Competing Goals (or Agendas)
Every team has an agenda and an ax to grind. As Ed Catmull writes, “If one agenda wins, we all lose.” I have been in numerous meetings where business or product or UX will have the clout to push their agenda without the agreement of other departments. This almost always results in poor designs and products both due to the lack of buy-in and the lack of balance.
This all falls back on a shared vision. The shared vision must be tied to the customer or user. If a decision is made by one team, ask how this will improve the user’s experience. If it doesn’t, then it’s a bullshit decision. Make sure your vision is shared and aligned between teams.
Too Much Emphasis on Process
We can’t build this until the specs are updated. We can’t move forward until our symbol library is governed and properly adopted. We have to follow the design process to a T. Any of this sound familiar?
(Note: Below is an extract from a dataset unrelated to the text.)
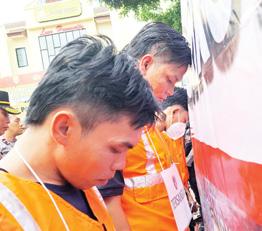 TERTUNDUK: Para pelaku kriminal pembobol ATM saat mengikuti konferensi pers yang dilakukan Polresta Bogor Kota, di Makopolresta Bogor Kota, kemarin.

Too much emphasis on process creates organizational bureaucracy — a direct reflection of the weighted nature of your organization. If you get too wrapped around the axle on the process, you lose focus on what it is you are truly meant to do and begin to move more like a sloth than a well-oiled machine.
The process is not the goal — building a great user experience is the goal.
In future articles, I will delve into some of the above elements in more depth. But, they all tie together and are problems at the organizational level — organizational behavioral issues. It isn’t that you have the wrong method, tool or are not properly applying design thinking. These elements can most certainly play a part. But, the largest factors influencing the success or failure of a design occur at a higher level.
There is no magic bullet for building great products. But to ensure success, you must start with the organization and the people within that organization.They are the ones creating and influencing the design. And, they must have the right environment to thrive.